7/10
Patchy Reworking Of Rendell's Novel Brightened By Amanda Redman's Performance!!
16 May 2013
Warning: Spoilers
All this week one of our TV stations has been running a Ruth Rendell Mystery Movie. I caught "A Case of Coincidence" on Wednesday, which I found pretty boring and the sort of thing that happens when you pad out a short story into 120 minutes. Imagine how I felt when I tuned in the next day and found "The Secret House of Death", one of my favourite non Wexford novels, based on an early (1968) Rendell work. Definitely not as meticulously plotted as the novel, it really helped having a star of Amanda Redman's quality (she of "New Tricks" and "At Home With the Braithwaites" fame). She plays Susan Townsend, newly divorced, living in a cul de sac and the only person not curious about the comings and goings of "flaky" neighbour Louise. When she pops around to Susan's place agitated and needing a "real" drink, it is not hard for Susan, like the other neighbours, to believe the gossip that she was having an affair with Bernard, a kitchen refitter, when they are both found dead (by Susan) in an apparent murder suicide. It seems and open and shut case and when Bernard's wife, Magdalena, gives evidence at the inquest she paints a damning picture of Louise as a husband stealer.

Susan is also having trouble with her ex husband so she finds it easy to give support and comfort to distraught Bob who comes across as a model husband bravely putting up with Louise's affair. Meanwhile Det. Sgt. Mary Janes refuses to believe it is so transparent and is convinced that Bernard's eerie brother has something to do with it.

It then falls apart (from the book). Susan invites Bob around to dinner where she finds him less than enthusiastic (after sharing some passionate moments) and she starts to question whether she has been too eager to start a new romance. When she realises that the photo she has admired is not Bordeaux (as Bob always claimed) but Devon scenery, she instantly turns into an investigative journalist and turns up first at the eerie brother's butcher shop where he confirms that they all came from Devon, then going to Devon where she questions an old friend of Magdalena's who tells her the story of the wheel chair bound father.
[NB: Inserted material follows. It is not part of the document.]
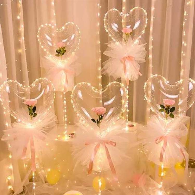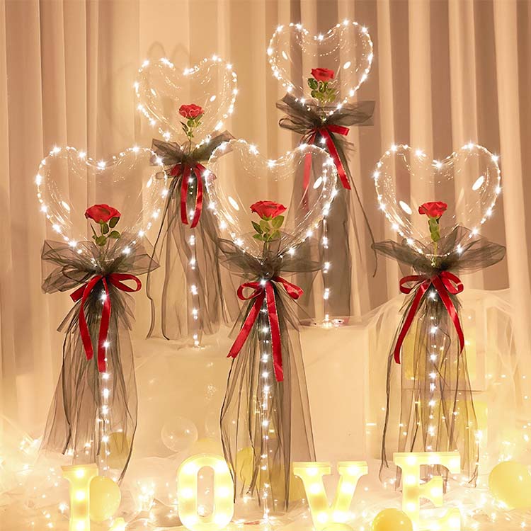 Koristeelliset tarvikkeet: Yleensä,Sydänmuotoiset Bobo Rose -sarjatliittyy joitain koristeita, kuten pitsilanka, kevyet nauhat, ilmapumput, akut jne. Pitsi voidaan kääriä Bobo -pallon ja ruusun ympärille lisäämällä virtaavan ja romanttisen ilmapiirin kokonaisuuteen; Nauha voi säteillä pehmeää valoa yöllä tai hämärissä olosuhteissa, mikä tekee koko asusta unenomaisemman ja viehättävämmän.

And like a lot of these sensationist crime movies, explanations don't get in the way of an explosive ending - read the book and you will get both!! The last ten minutes of the movie has Susan, after stealthily leaving Bob's house (he has given her a key), realising she has left the side gate ajar at the same moment that Bob feels "the little grey rabbit" has got too inquisitive and will have to meet the same fate as Louise. Unfortunately you don't get the involved and ingenious explanation found in Ruth Rendell's book, about how Bob met Mag in Devon and how, far from having an affair, Louise actually only knew Bernard as just a handy man when Bob encouraged Louise to refit their kitchen - and after complaining to the neighbours that her extravagance was sending him broke!! They were two innocent dupes - but only in the book!!